YOUR GOAL: Starting with the first line of the material, reproduce exactly each line up to and including the one that contains "Sandalia de tacón", leaving out every picture.

SUPPLIED DATA:
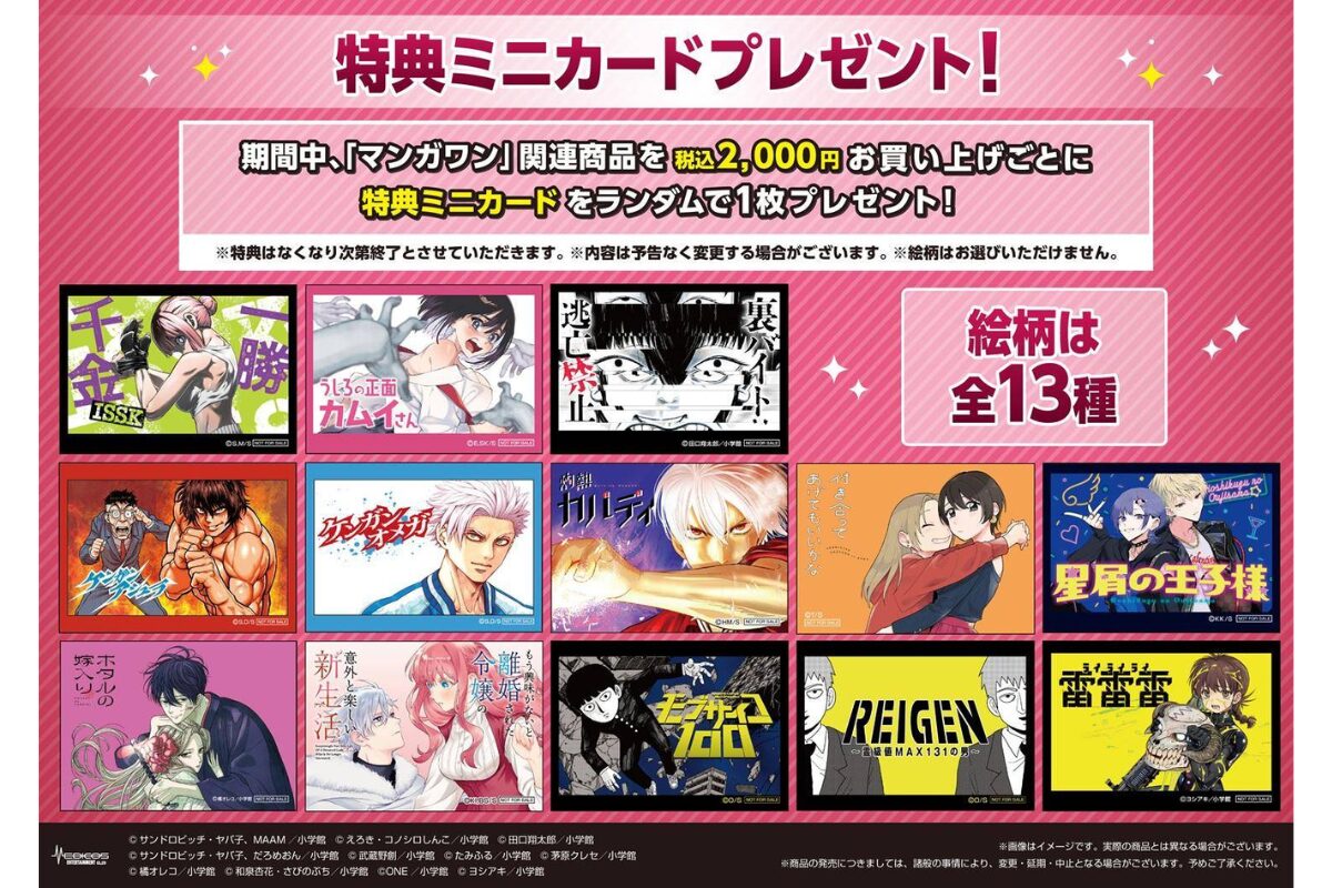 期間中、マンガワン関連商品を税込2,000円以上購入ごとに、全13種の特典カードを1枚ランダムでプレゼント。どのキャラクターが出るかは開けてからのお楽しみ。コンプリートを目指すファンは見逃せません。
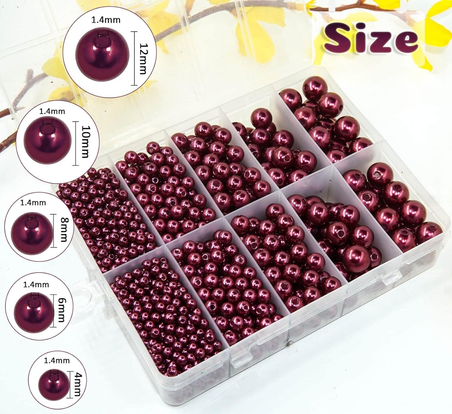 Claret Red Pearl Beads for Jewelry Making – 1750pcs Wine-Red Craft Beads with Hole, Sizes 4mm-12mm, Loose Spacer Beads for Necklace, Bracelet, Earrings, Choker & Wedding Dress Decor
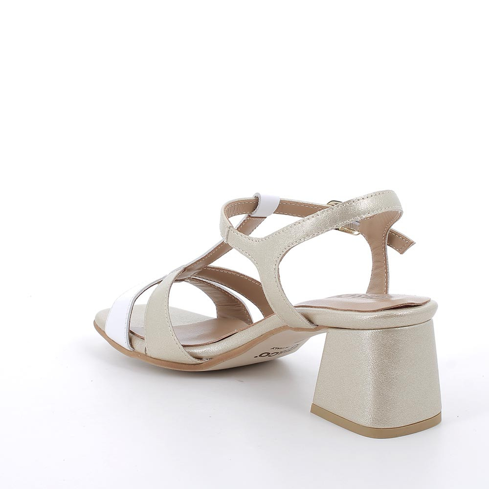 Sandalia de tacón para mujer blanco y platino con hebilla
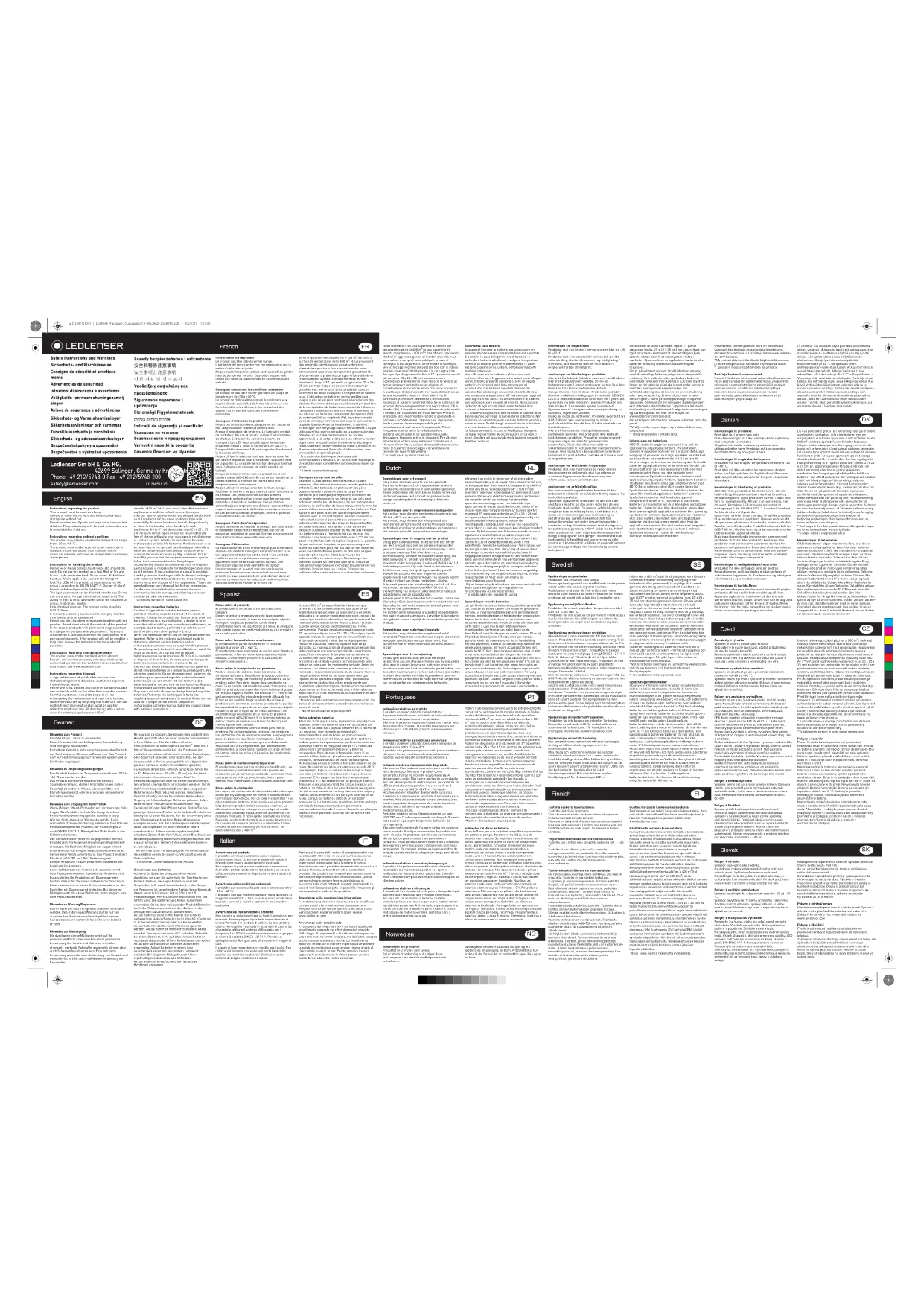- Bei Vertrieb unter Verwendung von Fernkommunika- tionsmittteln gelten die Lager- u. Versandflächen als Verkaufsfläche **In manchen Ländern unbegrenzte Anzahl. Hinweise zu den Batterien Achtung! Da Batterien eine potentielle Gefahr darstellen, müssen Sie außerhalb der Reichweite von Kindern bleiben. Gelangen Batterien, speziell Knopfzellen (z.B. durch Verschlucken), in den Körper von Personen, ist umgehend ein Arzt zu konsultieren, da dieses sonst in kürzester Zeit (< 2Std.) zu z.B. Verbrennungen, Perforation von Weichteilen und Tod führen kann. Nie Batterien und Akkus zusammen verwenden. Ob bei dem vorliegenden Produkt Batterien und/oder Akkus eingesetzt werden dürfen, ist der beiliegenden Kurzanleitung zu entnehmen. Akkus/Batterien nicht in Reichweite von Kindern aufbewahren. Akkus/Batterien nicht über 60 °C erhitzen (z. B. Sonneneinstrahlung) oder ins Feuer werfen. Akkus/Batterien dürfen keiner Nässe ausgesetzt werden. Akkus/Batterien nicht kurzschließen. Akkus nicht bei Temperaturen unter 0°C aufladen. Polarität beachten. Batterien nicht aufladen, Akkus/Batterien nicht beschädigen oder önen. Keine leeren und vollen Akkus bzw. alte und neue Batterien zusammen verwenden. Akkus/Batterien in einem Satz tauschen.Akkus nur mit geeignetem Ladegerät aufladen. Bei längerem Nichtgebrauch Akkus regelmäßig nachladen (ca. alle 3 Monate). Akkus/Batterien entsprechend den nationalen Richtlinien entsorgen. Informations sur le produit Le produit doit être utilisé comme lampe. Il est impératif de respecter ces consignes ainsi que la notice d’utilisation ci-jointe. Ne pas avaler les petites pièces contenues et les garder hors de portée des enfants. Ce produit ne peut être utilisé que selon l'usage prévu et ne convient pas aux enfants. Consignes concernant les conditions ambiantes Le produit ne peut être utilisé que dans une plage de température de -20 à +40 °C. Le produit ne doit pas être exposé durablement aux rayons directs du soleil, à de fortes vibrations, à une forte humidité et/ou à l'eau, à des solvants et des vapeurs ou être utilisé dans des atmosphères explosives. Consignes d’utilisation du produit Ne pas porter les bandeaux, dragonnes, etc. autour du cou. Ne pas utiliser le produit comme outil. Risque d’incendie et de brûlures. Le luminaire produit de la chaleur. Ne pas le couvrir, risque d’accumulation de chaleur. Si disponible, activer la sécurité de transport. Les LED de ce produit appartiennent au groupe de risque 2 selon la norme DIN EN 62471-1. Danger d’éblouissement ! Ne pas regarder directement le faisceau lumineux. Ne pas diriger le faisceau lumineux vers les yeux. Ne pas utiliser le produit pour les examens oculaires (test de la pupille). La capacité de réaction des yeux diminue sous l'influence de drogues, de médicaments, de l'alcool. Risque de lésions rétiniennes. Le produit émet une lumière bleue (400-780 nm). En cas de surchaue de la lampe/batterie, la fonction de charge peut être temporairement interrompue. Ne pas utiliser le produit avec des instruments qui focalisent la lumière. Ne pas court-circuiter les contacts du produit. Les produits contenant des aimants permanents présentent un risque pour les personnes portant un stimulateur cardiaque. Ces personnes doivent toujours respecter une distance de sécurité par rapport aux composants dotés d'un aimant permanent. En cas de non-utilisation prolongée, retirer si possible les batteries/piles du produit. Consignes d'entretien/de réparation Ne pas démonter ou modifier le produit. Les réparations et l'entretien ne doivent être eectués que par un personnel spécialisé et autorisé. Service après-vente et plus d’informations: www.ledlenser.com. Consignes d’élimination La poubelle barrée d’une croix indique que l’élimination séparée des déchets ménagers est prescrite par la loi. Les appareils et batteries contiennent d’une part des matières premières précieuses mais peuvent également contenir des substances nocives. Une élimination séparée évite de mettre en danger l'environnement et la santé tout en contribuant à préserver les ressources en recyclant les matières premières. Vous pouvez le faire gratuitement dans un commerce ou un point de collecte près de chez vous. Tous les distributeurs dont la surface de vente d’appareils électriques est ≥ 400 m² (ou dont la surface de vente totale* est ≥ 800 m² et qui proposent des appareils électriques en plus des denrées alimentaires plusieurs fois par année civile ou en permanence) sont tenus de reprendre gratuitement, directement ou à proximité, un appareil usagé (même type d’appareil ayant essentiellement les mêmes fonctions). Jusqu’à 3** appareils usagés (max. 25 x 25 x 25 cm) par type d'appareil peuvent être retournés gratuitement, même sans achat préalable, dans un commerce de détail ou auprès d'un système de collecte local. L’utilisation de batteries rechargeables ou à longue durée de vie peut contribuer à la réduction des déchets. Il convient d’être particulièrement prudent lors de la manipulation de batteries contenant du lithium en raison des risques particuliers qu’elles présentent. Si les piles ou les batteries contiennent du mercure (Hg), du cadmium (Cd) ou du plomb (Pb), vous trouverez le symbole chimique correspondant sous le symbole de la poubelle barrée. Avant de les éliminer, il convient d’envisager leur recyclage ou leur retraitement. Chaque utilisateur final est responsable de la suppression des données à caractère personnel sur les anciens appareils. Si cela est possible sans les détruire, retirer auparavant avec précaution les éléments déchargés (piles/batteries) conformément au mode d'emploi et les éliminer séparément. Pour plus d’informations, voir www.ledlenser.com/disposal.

RESULT FOR THIS EXERCISE:
 期間中、マンガワン関連商品を税込2,000円以上購入ごとに、全13種の特典カードを1枚ランダムでプレゼント。どのキャラクターが出るかは開けてからのお楽しみ。コンプリートを目指すファンは見逃せません。
 Claret Red Pearl Beads for Jewelry Making – 1750pcs Wine-Red Craft Beads with Hole, Sizes 4mm-12mm, Loose Spacer Beads for Necklace, Bracelet, Earrings, Choker & Wedding Dress Decor
 Sandalia de tacón para mujer blanco y platino con hebilla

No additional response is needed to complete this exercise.